EXERCISE DESCRIPTION:
Only the lines below starting at the one that contains "Армия РФ продвинулась" and ending at the one that contains "Посылка:60 шт 5inchPink20" are to be reproduced, exactly and with both ends kept.

SOURCE INFORMATION:
★ ★ ★ ★ ★ ★ ★
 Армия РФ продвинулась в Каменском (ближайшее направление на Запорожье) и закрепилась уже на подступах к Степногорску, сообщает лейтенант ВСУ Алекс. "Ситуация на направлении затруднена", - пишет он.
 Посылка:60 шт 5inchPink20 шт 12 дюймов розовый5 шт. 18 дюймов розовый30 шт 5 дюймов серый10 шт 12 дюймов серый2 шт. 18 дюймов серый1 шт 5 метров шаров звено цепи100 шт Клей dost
★ ★ ★ ★ ★ ★ ★
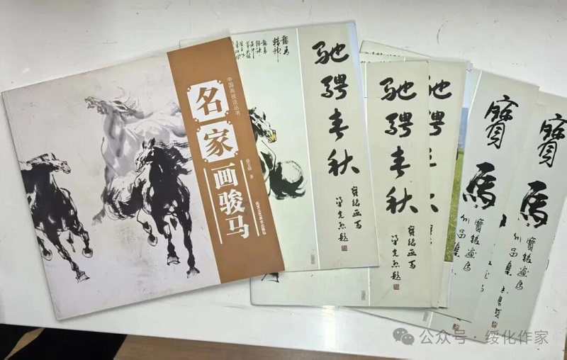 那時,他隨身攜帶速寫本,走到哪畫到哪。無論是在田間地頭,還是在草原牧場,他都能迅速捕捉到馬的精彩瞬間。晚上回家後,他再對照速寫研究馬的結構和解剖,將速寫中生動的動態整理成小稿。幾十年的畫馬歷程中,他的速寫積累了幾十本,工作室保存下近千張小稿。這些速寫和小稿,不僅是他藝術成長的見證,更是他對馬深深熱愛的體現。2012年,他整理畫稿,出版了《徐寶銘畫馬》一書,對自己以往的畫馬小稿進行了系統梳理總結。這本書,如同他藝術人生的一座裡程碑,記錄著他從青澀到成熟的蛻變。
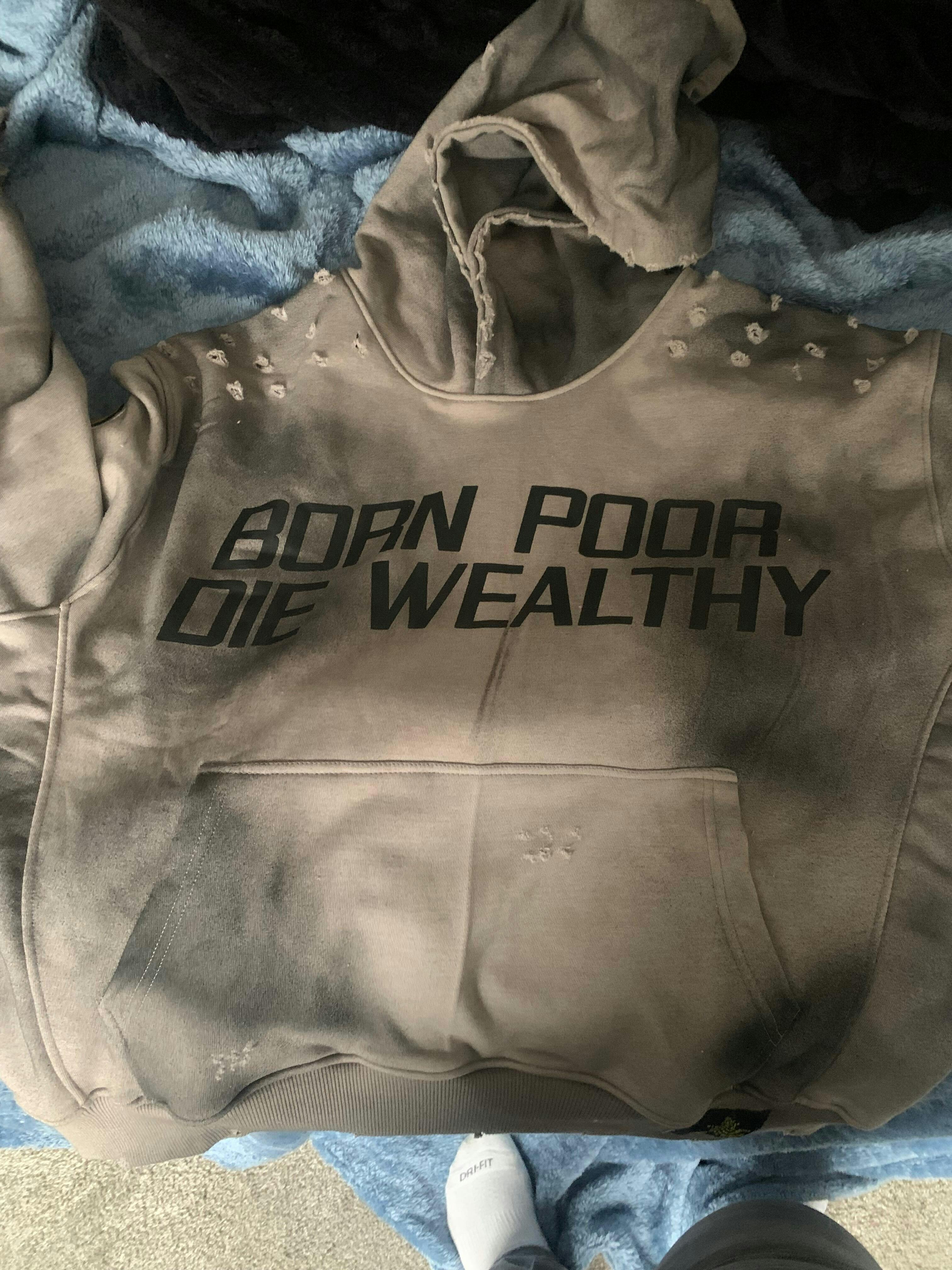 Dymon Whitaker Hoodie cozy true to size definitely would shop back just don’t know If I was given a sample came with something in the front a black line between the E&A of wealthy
★ ★ ★ ★ ★ ★ ★
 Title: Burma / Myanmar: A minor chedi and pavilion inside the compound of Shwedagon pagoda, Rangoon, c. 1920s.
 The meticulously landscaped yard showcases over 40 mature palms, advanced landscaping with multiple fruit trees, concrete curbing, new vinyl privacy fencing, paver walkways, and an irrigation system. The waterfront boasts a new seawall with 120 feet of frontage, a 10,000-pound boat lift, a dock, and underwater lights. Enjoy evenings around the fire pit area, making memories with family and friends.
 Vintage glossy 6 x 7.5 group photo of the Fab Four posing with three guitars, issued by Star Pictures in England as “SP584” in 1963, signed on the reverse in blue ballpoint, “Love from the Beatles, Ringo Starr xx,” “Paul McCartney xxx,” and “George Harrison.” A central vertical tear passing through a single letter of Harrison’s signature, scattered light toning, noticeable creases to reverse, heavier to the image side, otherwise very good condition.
★ ★ ★ ★ ★ ★ ★
EXERCISE OUTPUT:
 Армия РФ продвинулась в Каменском (ближайшее направление на Запорожье) и закрепилась уже на подступах к Степногорску, сообщает лейтенант ВСУ Алекс. "Ситуация на направлении затруднена", - пишет он.
 Посылка:60 шт 5inchPink20 шт 12 дюймов розовый5 шт. 18 дюймов розовый30 шт 5 дюймов серый10 шт 12 дюймов серый2 шт. 18 дюймов серый1 шт 5 метров шаров звено цепи100 шт Клей dost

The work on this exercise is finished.